Table 1 shows the clinicopathological characteristics of the cohort. The median age at surgery was 63 years (interquartile range [IQR] 54–70) and there were 646 men (68.9%) and 291 women (31.1%). Of 937 patients, 248 patients (26.5%) were diagnosed with RCC incidentally and 873 patients were categorized as performance status (PS) 0 according to the Eastern Cooperative Oncology Group. Preoperatively, 36 patients (3.8%) had fever at diagnosis and C-reactive protein (CRP) levels were increased in 117 patients (12.5%). The median tumor size was 39.5 mm (IQR, 25.0–51.0), and according to pT category, pT1a, pT1b, and pT2 occurred in 557 (59.4%), 292 (31.2%), and 88 (9.4%) patients, respectively. With regard to histological type, 712 patients (76.0%) were diagnosed with clear cell type. Of 937 patients, 45 patients (4.8%) died of RCC and 615 patients (34.4%) died of other causes during the median 95 months (IQR 38–150) of follow-up.

Table 1 Clinicopathological Information of Patients with Renal Cell Carcinoma

Prognostic Factors for CSS and OS

Prognostic factors for CSS and OS were explored and a cut-off value for age (patients aged <60 or ≥60) was determined by ROC curve analysis.

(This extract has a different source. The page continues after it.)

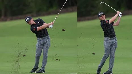 'Bij alle rechtshandige topspelers wijst de linkerarm in de downswing rechts van het doel, waarna de grote spieren in het lichaam het clubblad bij impact haaks op het doel draaien. Ik heb hier een goede oefening voor, die door het gebruik van beweging dynamisch blijft, in plaats van dat je met statische posities werkt.'

In the univariate analysis for CSS (Table 2), age ≥60, symptomatic disease, PS ≥1, fever, CRP elevation, tumor size ≥40 mm, and RN were identified as potential poor prognostic factors for CSS after RN or PN. In the multivariate analysis, PS ≥1 and tumor size ≥40 mm were identified as independent poor prognostic factors for CSS after RN or PN (PS ≥1: hazard ratio [HR] 3.31, 95% confidence interval [CI] 1.45–7.59; pT1b: HR 2.63, 95% CI 1.28–5.40; and pT2: HR 3.17, 95% CI 1.28–7.84, respectively). As for OS, in the univariate analysis (Table 2), age ≥60, male sex, PS ≥1, fever, CRP elevation, pT1b, and RN were identified as potential poor prognostic factors for OS after RN or PN. Multivariate analysis revealed that age ≥60, male sex, PS ≥1, CRP elevation, pT1b, and RN were independent poor prognostic factors for OS after RN or PN (age ≥60: HR 1.90, 95% CI 1.49–2.41; male sex: HR 1.45, 95% CI 1.13–1.85; PS ≥1: HR 2.44, 95% CI 1.72–3.48; CRP elevation: HR 1.89, 95% CI 1.37–2.63; pT1b: HR 1.32, 95% CI 1.03–1.68; and RN: HR 1.57, 95% CI 1.10–2.25). Notably, the type of nephrectomy was not significantly associated with CSS but was associated with OS. Patients who underwent RN for RCC ≤pT2N0M0 had a higher risk of mortality compared to those who underwent PN.

Table 2 Cox Regression Analysis of Predictive Factors

Comparison Between PN and RN Patients

We compared 157 patients who underwent PN with 780 patients who underwent RN. Table 3 shows the comparison of clinicopathological characteristics. The median tumor size was significantly smaller in the PN (22.0 mm [IQR, 18.0–30.0] vs 40.0 mm [IQR, 30.0–57.0]) (P<0.0001). There were significantly more patients with fever and CRP elevation at diagnosis in the RN (P=0.020 and P<0.0001, respectively).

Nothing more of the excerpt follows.